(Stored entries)
----
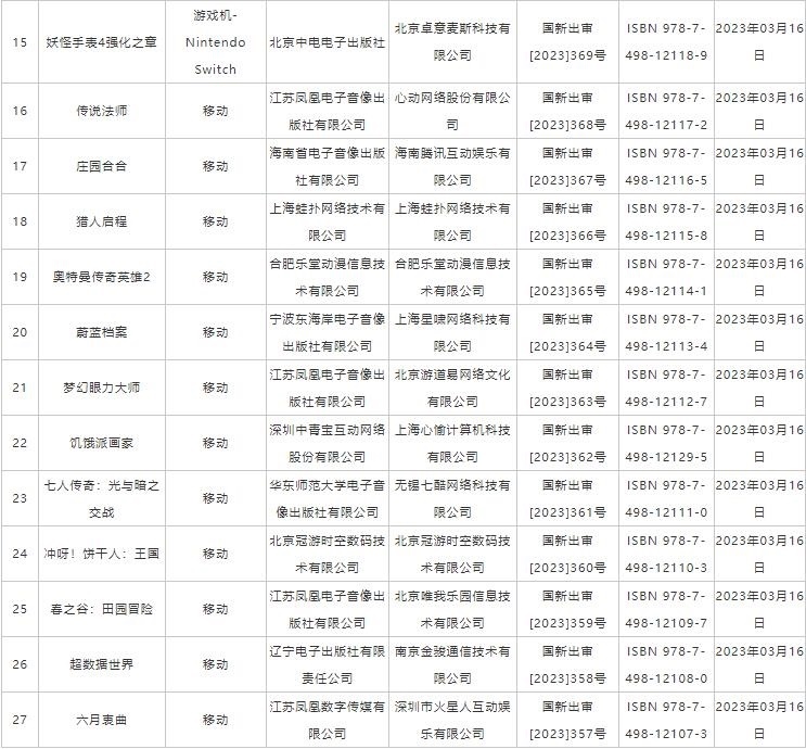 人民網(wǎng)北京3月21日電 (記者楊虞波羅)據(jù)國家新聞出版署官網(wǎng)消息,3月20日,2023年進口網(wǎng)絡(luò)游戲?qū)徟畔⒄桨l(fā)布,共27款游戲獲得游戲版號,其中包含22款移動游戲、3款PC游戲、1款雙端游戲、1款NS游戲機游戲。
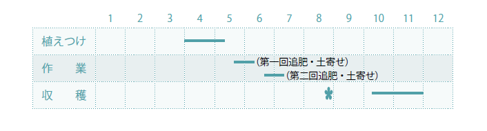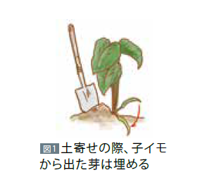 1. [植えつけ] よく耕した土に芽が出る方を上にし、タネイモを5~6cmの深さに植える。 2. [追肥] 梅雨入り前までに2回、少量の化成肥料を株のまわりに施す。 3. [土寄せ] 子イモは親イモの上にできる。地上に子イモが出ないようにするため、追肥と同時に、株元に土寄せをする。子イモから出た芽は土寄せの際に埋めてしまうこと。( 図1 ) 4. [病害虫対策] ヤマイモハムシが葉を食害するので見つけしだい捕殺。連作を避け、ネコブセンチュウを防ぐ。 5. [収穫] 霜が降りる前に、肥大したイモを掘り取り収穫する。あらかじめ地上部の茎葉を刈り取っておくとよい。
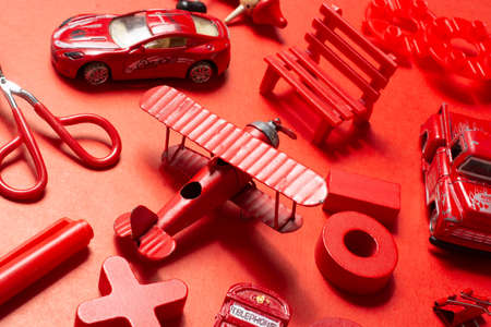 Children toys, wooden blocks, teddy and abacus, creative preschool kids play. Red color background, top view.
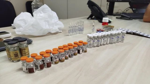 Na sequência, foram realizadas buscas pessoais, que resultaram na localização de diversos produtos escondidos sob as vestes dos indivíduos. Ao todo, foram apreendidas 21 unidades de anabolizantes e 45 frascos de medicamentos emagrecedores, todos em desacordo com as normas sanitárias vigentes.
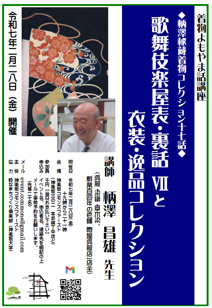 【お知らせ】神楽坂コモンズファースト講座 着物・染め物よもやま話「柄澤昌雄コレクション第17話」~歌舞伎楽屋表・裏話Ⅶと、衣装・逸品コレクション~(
----
- **YOUR OBJECTIVE**: Retype all entries above verbatim; no pictures belong in the copy.

- **RESPONSE TO THE EXERCISE**:
 人民網(wǎng)北京3月21日電 (記者楊虞波羅)據(jù)國家新聞出版署官網(wǎng)消息,3月20日,2023年進口網(wǎng)絡(luò)游戲?qū)徟畔⒄桨l(fā)布,共27款游戲獲得游戲版號,其中包含22款移動游戲、3款PC游戲、1款雙端游戲、1款NS游戲機游戲。
 1. [植えつけ] よく耕した土に芽が出る方を上にし、タネイモを5~6cmの深さに植える。 2. [追肥] 梅雨入り前までに2回、少量の化成肥料を株のまわりに施す。 3. [土寄せ] 子イモは親イモの上にできる。地上に子イモが出ないようにするため、追肥と同時に、株元に土寄せをする。子イモから出た芽は土寄せの際に埋めてしまうこと。( 図1 ) 4. [病害虫対策] ヤマイモハムシが葉を食害するので見つけしだい捕殺。連作を避け、ネコブセンチュウを防ぐ。 5. [収穫] 霜が降りる前に、肥大したイモを掘り取り収穫する。あらかじめ地上部の茎葉を刈り取っておくとよい。
 Children toys, wooden blocks, teddy and abacus, creative preschool kids play. Red color background, top view.
 Na sequência, foram realizadas buscas pessoais, que resultaram na localização de diversos produtos escondidos sob as vestes dos indivíduos. Ao todo, foram apreendidas 21 unidades de anabolizantes e 45 frascos de medicamentos emagrecedores, todos em desacordo com as normas sanitárias vigentes.
 【お知らせ】神楽坂コモンズファースト講座 着物・染め物よもやま話「柄澤昌雄コレクション第17話」~歌舞伎楽屋表・裏話Ⅶと、衣装・逸品コレクション~(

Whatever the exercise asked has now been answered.